Catcher Cameron Morrison is good enough defensively and handling the pitching staff that he’d be an asset if he batted .100, but he was a lot better than that last season. He checked in at ,265 with four homers and 27 RBIs.

“He’s so smart,” Gantt said. “He’s a really good receiver and he gets some of those borderline-high pitches called strikes. He makes people mad in the other dugout.”

Zack Miller, who started  52 games for D-I Delaware last season, is a catcher by trade and probably is Catawba’s key offensive addition. Morrison will still be the regular catcher, but Miller can give him some rest. Miller, who launched five homers last season, is going to get plenty of at-bats as the DH.

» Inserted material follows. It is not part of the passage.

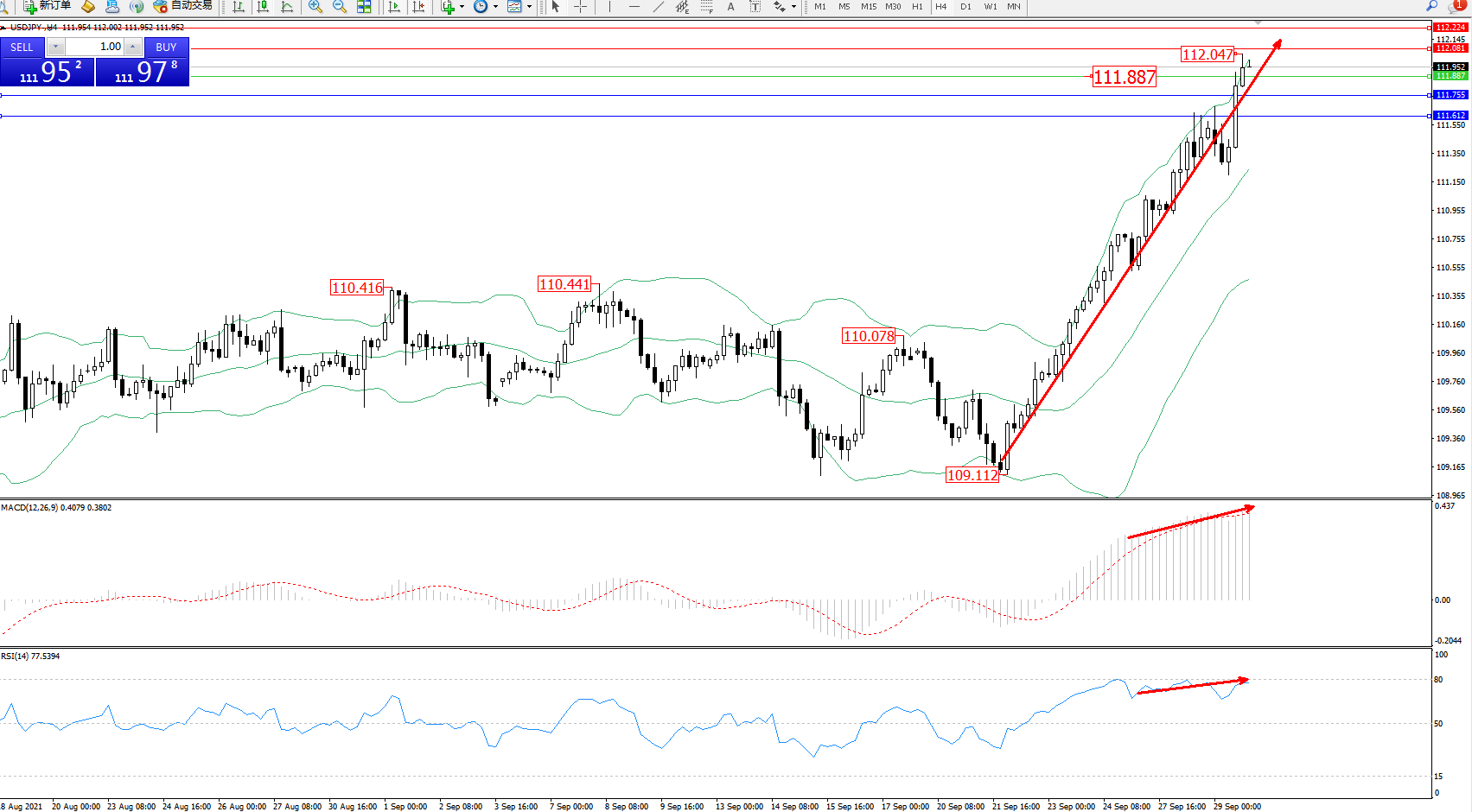 备选策略:111.887下方看跌,目标111.755、111.612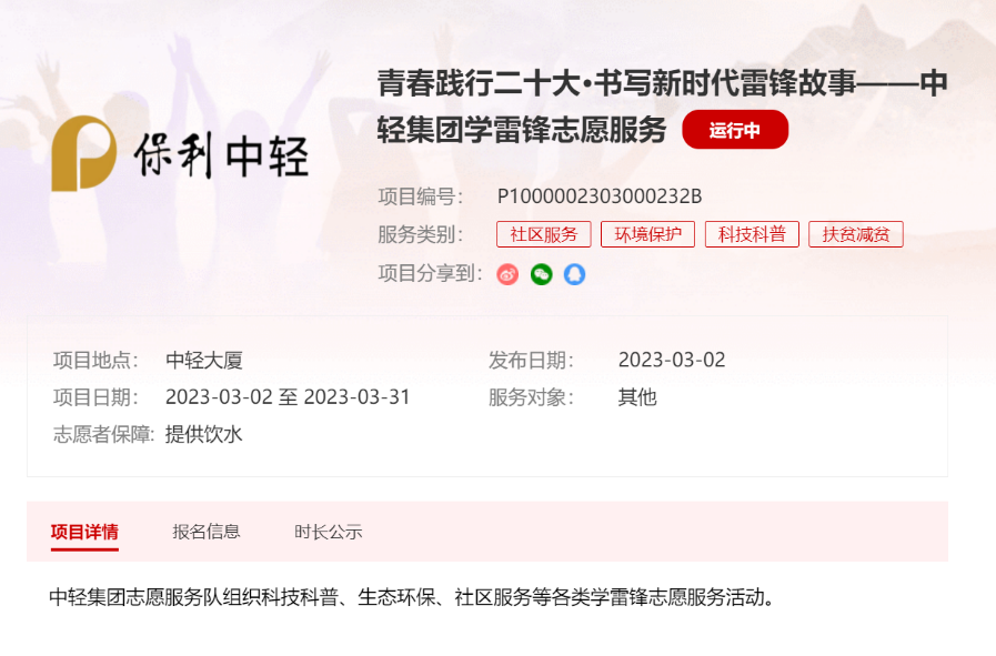 保利中輕總部組織建立青年志愿服務(wù)隊(duì),牽頭開(kāi)展學(xué)雷鋒系列主題活動(dòng)。指導(dǎo)廣大團(tuán)員青年進(jìn)行注冊(cè)并加入團(tuán)隊(duì),號(hào)召?gòu)V大團(tuán)員青年立足崗位、敬業(yè)奉獻(xiàn),接續(xù)傳承服務(wù)人民、助人為樂(lè)的雷鋒精神。

“Miller has tremendous power,” Gantt said. “He’ll probably be our cleanup hitter. We’ll  have to get his bat in the lineup.”

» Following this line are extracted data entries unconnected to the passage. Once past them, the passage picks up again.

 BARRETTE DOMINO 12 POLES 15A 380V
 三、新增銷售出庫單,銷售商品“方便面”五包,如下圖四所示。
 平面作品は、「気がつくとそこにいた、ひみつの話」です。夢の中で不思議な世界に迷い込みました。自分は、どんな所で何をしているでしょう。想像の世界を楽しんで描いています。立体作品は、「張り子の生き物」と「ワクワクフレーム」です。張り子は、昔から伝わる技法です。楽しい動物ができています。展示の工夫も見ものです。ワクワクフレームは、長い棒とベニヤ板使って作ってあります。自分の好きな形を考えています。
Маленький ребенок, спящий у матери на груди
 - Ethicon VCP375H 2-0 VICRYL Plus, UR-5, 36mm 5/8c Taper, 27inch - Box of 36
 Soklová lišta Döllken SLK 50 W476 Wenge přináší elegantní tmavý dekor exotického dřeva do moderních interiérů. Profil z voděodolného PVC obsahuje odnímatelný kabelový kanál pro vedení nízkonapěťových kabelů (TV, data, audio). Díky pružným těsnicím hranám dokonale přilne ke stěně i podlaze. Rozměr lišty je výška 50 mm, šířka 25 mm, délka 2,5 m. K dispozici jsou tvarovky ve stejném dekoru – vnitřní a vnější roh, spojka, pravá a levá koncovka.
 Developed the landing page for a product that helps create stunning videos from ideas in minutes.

Catawba is in good shape at catcher, with Lyle Pfingst and Anthony Ponce also available.

Catawba couldn’t be any better in the infield. The Indians have experience at every spot with Shepherd (.358, 12 homers) at first base; Joe Butts (.271, 33 RBIs) at second base; Jackson Raper (.352, 8 homers) at third base, and Jeremy Simpson (.295, 7 homers, 40 RBIs) at shortstop.  All of them are at least as good defensively as they are offensively. Quick and smart, Simpson might be the SAC’s top defender, while Shepherd and the strong-armed Raper are two of the league’s better left-handed sluggers. They tied for second in the SAC last season with 55 RBIs each. Butts is an exceptional baserunner. All four will cheerfully take a walk and posted solid on-base percentages.

When Shepherd pitches, Luke Spiva, another Winston-Salem State transfer, could be the first baseman. He drove in 34 runs for the Rams last season.

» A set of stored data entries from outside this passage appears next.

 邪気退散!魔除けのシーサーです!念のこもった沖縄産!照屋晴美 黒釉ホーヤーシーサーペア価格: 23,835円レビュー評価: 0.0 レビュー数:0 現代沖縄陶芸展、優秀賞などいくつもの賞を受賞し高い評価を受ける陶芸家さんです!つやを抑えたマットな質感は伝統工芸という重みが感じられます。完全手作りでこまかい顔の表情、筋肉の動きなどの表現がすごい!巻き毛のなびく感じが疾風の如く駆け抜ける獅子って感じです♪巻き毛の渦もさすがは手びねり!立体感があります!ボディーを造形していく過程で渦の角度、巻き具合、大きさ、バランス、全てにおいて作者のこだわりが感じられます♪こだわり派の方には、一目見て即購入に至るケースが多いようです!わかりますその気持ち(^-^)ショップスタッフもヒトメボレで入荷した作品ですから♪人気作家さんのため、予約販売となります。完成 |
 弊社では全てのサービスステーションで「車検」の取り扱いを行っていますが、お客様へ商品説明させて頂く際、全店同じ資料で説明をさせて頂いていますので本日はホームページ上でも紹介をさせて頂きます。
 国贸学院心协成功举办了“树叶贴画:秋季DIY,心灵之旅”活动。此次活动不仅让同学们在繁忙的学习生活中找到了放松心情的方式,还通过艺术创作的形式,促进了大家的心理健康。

Dylan Wilkinson has power and could get chances at first base or DH.

Versatile Cameron Mills is the top backup at second, third and shortstop.

In the outfield, Gantt looks forward to getting a full year from center fielder Bryce Butler. Butler (.252) missed about half of last season after being hurt right out of the gate. When he’s 100 percent, he has game-changing speed and is a potential catalyst for the offense, whether he bats first or ninth. His wheels make him a huge asset defensively.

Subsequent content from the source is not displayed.